» Exercise details
Give back exactly the lines of the entries below from the line with "The white sculpture" to the line with "Nádherné zlaté visací", inclusive, and only those.

» Data for analysis
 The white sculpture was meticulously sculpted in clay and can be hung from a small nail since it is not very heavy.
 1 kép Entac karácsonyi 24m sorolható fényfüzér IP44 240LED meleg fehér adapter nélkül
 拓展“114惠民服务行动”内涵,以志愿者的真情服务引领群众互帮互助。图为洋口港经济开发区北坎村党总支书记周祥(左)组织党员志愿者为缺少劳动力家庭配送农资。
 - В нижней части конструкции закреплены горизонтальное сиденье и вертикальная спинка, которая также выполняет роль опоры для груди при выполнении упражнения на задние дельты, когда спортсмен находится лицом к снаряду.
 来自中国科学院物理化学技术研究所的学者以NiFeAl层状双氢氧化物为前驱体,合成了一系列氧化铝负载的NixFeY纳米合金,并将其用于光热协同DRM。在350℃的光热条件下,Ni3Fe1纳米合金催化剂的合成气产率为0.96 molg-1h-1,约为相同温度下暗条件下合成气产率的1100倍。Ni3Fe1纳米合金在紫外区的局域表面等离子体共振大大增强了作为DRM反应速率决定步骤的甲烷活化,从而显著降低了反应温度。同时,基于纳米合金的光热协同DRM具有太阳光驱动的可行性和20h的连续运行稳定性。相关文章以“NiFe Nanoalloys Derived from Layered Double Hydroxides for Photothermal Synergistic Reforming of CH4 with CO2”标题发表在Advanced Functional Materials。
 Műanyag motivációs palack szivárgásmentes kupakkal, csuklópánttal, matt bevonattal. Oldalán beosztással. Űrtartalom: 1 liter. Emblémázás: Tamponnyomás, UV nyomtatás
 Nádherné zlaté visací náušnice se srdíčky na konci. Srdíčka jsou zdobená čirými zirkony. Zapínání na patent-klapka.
...
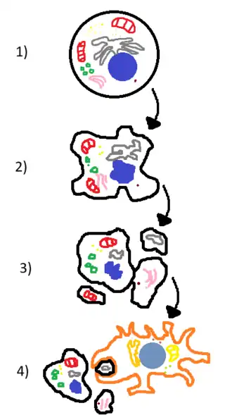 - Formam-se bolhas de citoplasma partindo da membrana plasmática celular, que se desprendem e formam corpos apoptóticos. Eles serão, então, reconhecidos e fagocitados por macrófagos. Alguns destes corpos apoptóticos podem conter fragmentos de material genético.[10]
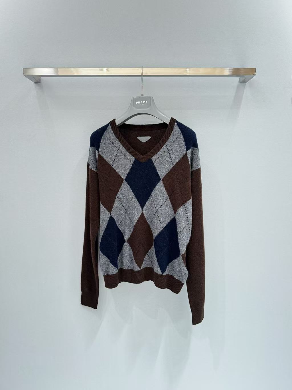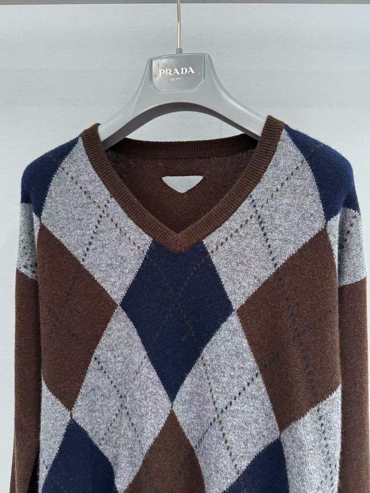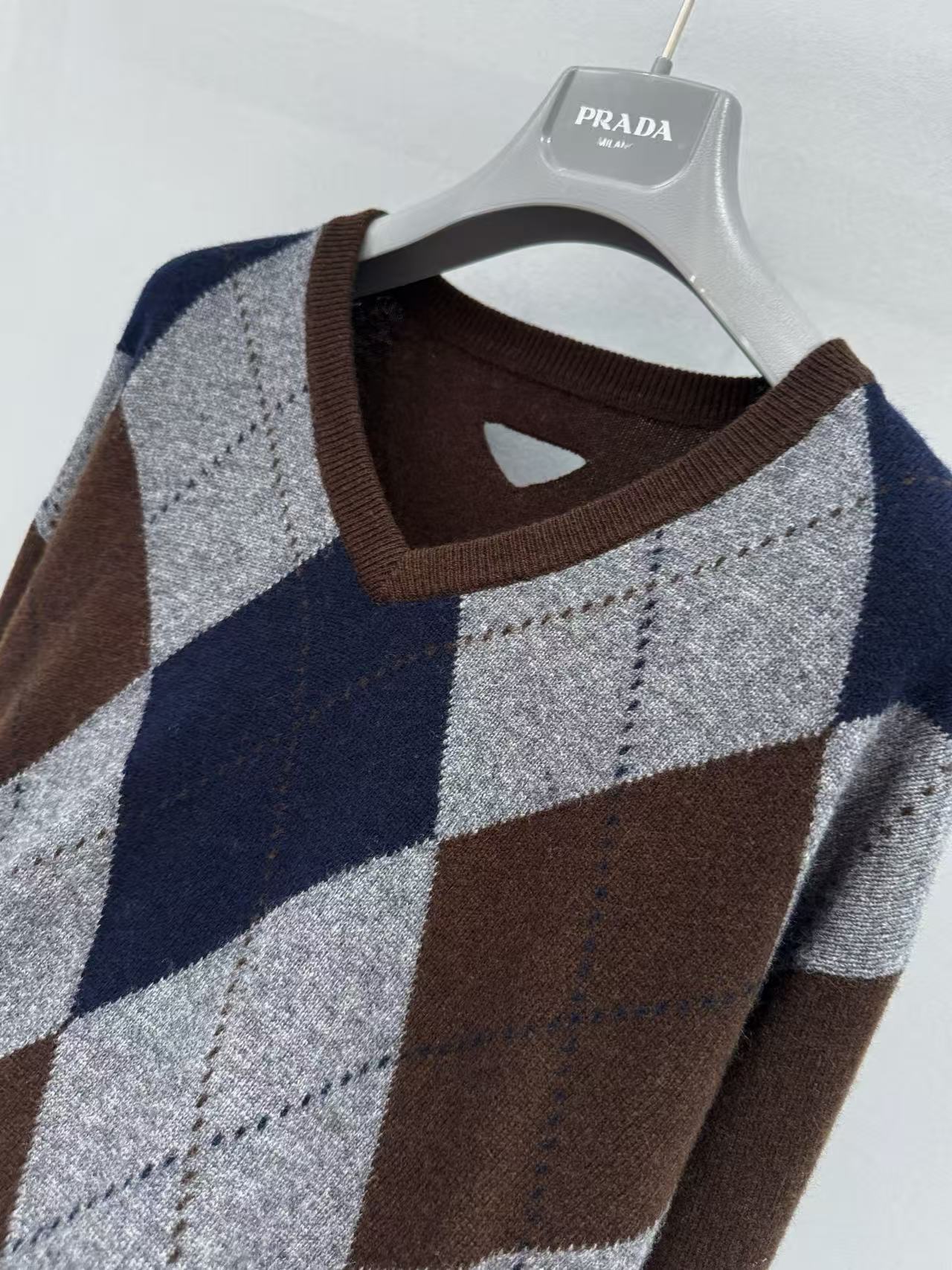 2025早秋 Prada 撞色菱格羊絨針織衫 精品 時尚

» Problem solution
 The white sculpture was meticulously sculpted in clay and can be hung from a small nail since it is not very heavy.
 1 kép Entac karácsonyi 24m sorolható fényfüzér IP44 240LED meleg fehér adapter nélkül
 拓展“114惠民服务行动”内涵,以志愿者的真情服务引领群众互帮互助。图为洋口港经济开发区北坎村党总支书记周祥(左)组织党员志愿者为缺少劳动力家庭配送农资。
 - В нижней части конструкции закреплены горизонтальное сиденье и вертикальная спинка, которая также выполняет роль опоры для груди при выполнении упражнения на задние дельты, когда спортсмен находится лицом к снаряду.
 来自中国科学院物理化学技术研究所的学者以NiFeAl层状双氢氧化物为前驱体,合成了一系列氧化铝负载的NixFeY纳米合金,并将其用于光热协同DRM。在350℃的光热条件下,Ni3Fe1纳米合金催化剂的合成气产率为0.96 molg-1h-1,约为相同温度下暗条件下合成气产率的1100倍。Ni3Fe1纳米合金在紫外区的局域表面等离子体共振大大增强了作为DRM反应速率决定步骤的甲烷活化,从而显著降低了反应温度。同时,基于纳米合金的光热协同DRM具有太阳光驱动的可行性和20h的连续运行稳定性。相关文章以“NiFe Nanoalloys Derived from Layered Double Hydroxides for Photothermal Synergistic Reforming of CH4 with CO2”标题发表在Advanced Functional Materials。
 Műanyag motivációs palack szivárgásmentes kupakkal, csuklópánttal, matt bevonattal. Oldalán beosztással. Űrtartalom: 1 liter. Emblémázás: Tamponnyomás, UV nyomtatás
 Nádherné zlaté visací náušnice se srdíčky na konci. Srdíčka jsou zdobená čirými zirkony. Zapínání na patent-klapka.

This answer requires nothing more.